Ain’t Amazon Wonderful …

An L bracket fits on your camera and enables you to quickly fit it to a tripod in landscape or portrait orientation.  Without one switching between the two is a little tedious and in portrait mode the centre of gravity of the camera is not over the centre of the tripod. I decided to get one.

If you get one specific to your camera it doesn’t get in the way of changing the battery or attaching a cable release.  Let’s track one down. Got it and the link leads to Amazon.com …

$50 – that’s US of course and today that equals Au$70. Cool. Eligible for shipping to Australia it says. Done. But at the checkout some bad news. Only digital goods now ship to Oz. So let’s see what we can find on Amazon.com.au.

This one looks very similar …

… identical, in fact, except it costs more than three and a half times as much. Must be the GST.

The Rocks …

Isolated locations, slippery and uneven surfaces and the unpredictable nature of the ocean, makes rock fishing the most dangerous sport in Australia. In just eight years, between 1992 and 2000, 74 people drowned while rock fishing just in New South Wales and the numbers are consistently high right around the country.
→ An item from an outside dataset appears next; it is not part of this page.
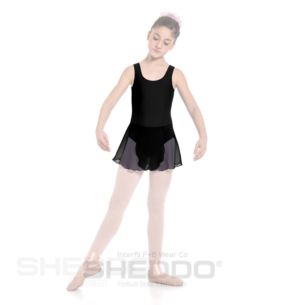 Girls Tank Leotard With Princess Seams & Crossover Skirt, Lycra Matt Black

Royal Life Saving Australia

Rock photography shares some of the same risks.

and, sadly, the very last photograph you will see from this particular camera …

The photographer escaped almost unscathed. I was fond of that camera.

With A Pencil …

… you can write flowery rubbish …

In an era of infinite screens, the humble pencil feels revolutionarily (sic) direct: It does exactly what it does, when it does it, right in front of you. Pencils eschew digital jujitsu. They are pure analog, absolute presence. They help to rescue us from oblivion. Think of how many of our finest motions disappear, untracked — how many eye blinks and toe twitches and secret glances vanish into nothing. And yet when you hold a pencil, your quietest little hand-dances are mapped exactly, from the loops and slashes to the final dot at the very end of a sentence.
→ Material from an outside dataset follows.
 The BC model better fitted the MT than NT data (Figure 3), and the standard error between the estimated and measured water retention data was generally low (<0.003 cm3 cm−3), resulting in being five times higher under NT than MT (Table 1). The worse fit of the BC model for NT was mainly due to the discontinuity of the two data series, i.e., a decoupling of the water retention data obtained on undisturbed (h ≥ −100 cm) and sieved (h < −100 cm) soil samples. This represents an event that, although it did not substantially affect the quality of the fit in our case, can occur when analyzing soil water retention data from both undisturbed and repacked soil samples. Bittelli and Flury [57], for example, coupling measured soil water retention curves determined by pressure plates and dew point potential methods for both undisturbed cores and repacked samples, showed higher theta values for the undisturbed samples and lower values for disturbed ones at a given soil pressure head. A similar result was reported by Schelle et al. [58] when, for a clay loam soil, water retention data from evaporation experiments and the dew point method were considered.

and with a camera you can make the most amazing images. If you’ve ever used either do yourself a favour and have a look at the images of a pencil factory made by Christopher Payne (no doubt using digital jujitsu). The words are by John McPhee … they’re optional.

Just click <HERE>.

You can chew a pencil but can a pencil eschew anything at all? Is this the first recorded instance of anthropomorphism concerning pencils? What did the pencil think about that?

Buy the lens …?

Not long ago I managed to trim down the weight of my camera kit. The ever tightening stance of the airlines caused me concern. I even managed to get a lighter pair of binoculars. But …
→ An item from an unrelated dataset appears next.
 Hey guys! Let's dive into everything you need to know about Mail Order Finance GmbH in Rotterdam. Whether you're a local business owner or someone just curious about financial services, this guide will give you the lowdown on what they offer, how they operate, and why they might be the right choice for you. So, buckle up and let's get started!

Inevitably the weight has crept up again. I currently carry two cameras when I travel, one for landscape and time-lapse, a Lumix GH4, and a Cannon 7d mark ll with a telephoto for wildlife. At home I leave a full frame Sony with a nice macro lens. Of course none of them talk to each other, three different sensor sizes, incompatible lenses. Why? Because no one just buys a whole kit in one go and times change.

I’m thinking ahead to another big trip. Do I buy a bunch of lenses for just one of my much-loved cameras? What happens if it fails in the time I’m away? It is so hard but fortunately there is a flow chart …

It doesn’t solve the problem but it does amuse you while you ponder.

Low Tide …

There’s about 25 km of beach running from Gantheaume Point north to Willie Creek. This is Cable Beach, sun, surf, camels, tourists, very popular. But the further north you get the fewer people you encounter. The numbers would drop off faster if driving on the beach was forbidden, sadly it is permitted. There is some debate as to whether a full-time or part-time four-wheel drive is better on the beach. Personally, I think the best car for the purpose is somebody else’s car.

About 13 km up the beach from the Cable Beach Resort, or 25 km by road, is the suburb I know as Coconut Well, officially Waterbank. If you have a spare three or four million you can buy a nice home here. It won’t have mains electricity or town water but it will have a nice view.

At low tide there are some rocks exposed that are interesting to poke around in. Fish dart around in the tidal pools. There will be some migratory shorebirds about and perhaps a Frigatebird will fly over and if you’re really lucky you may see a Beach Stone-curlew …

Silver Gull
Beach Stone-curlew

The photo at the top is of an Eastern Reef Egret hunting through the pools. They often stand motionless, sometimes with their wings out to create some enticing shade. When a morsel presents itself the neck uncoils like a spring.